The previous procedures use some utilities:

``````(define (make-next-state state orig dest time)
(if (eqv? (state-flashlight state) 'near)
(make-state state orig dest 'far (+ (state-time state) time))
(make-state state dest orig 'near (+ (state-time state) time))))

;; the time each toy takes to cross the bridge
(define time-cost
(let ((costs '((buzz . 5)
(woody . 10)
(rex . 20)
(hamm . 25))))
(lambda (toy)
(let ((pair (assv toy costs)))
(and pair
(cdr pair))))))

(define (ucons a b)
(if (memv a b)
b
(cons a b)))

(define (product lis1 lis2)
(let lp1 ((lis1 lis1)
(res '()))
(if (null? lis1)
res
(let ((i1 (car lis1)))
(let lp2 ((lis2 lis2)
(res res))
(if (null? lis2)
(lp1 (cdr lis1) res)
(let ((i2 (car lis2)))
(if (member (cons i2 i1) res)
(lp2 (cdr lis2) res)
(lp2 (cdr lis2) (cons (cons i1 i2) res))))))))))``````

Our `successors` procedure does not take time in account. So it is possible for a branch of the tree to go on indefinitely.
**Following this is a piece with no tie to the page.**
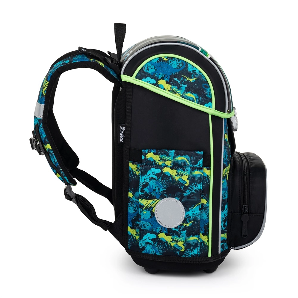 Školska aktovka iz linije Premium anatomski je oblikovana i osigurava pravilno prijanjanje na leđa. Ojačana leđa i unutarnja struktura održavaju stalan oblik ruksaka. Podstava je od ugodnog prozračnog materijala, široke mekane naramenice dizajnirane su tako da savršeno prianjaju i ravnomjerno raspoređuju opterećenje na djetetova ramena. Aktovka se sastoji od jedne prostrane komore u koju se udobno smjeste svi školski pribori za djecu u 1. i 2. razredu. Dno ruksaka je od čvrstog materijala, čime štiti sadržaj od prevrtanja i prosipanja. Zatvaranje je na sigurnosnu kopču. Prednji džepić je namijenjen za užinu, a ne nedostaje ni niz reflektirajućih elemenata zahvaljujući kojima je aktovka vidljivija. Volumen: 28 l. Nosivost: 8 kg.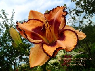 75/17 Абрикосово-желтый с большим черно- фиолетовым глазом и такой же широкой гофрированной каймой, горло жёлто- зеленое.

To guarantee that we will arrive at a solution, we use a breadth-first search:

``````(define (print-path state)
(let loop ((state state)
(path '()))
(if state
(loop (state-previous state)
(cons state path))
(for-each println path))))

(print-path (breadth-first (list (start-state)) successors final-state?))``````

With the result:

``````#<state #14 near: (buzz woody rex hamm) far: () flashlight: near time: 0>
#<state #15 near: (rex hamm) far: (buzz woody) flashlight: far time: 10>
#<state #16 near: (woody rex hamm) far: (buzz) flashlight: near time: 20>

#<state #17 near: (woody) far: (rex hamm buzz) flashlight: far time: 45>
#<state #18 near: (buzz woody) far: (rex hamm) flashlight: near time: 50>
#<state #19 near: () far: (buzz woody rex hamm) flashlight: far time: 60>``````

If we change our `successors` procedure a little, we can use depth-first search:

``````(define (successors2 state)
(let ((orig (if (eqv? (state-flashlight state)
'near)
(state-near state)
(state-far state)))
(dest (if (eqv? (state-flashlight state)
'near)
(state-far state)
(state-near state))))
(filter (lambda (s)
(<= (state-time s) 60))          ;; filtering out bad states
(map (lambda (toy-pair)
(let ((toy1 (car toy-pair))
(toy2 (cdr toy-pair)))
(make-next-state state
(remove toy2
(remove toy1 orig))
(ucons toy1
(cons toy2 dest))
(max (time-cost toy1)
(time-cost toy2)))))
(product orig orig)))))

(print-path (depth-first (list (start-state)) successors2 final-state?))``````

The advantage of changing the successors procedure is that depth-first searches are usually faster than breadth-first searches, in this case 483ms vs. 24630ms. Also, it uses less memory. So it is always a good idea to try to cut the search space as soon as possible.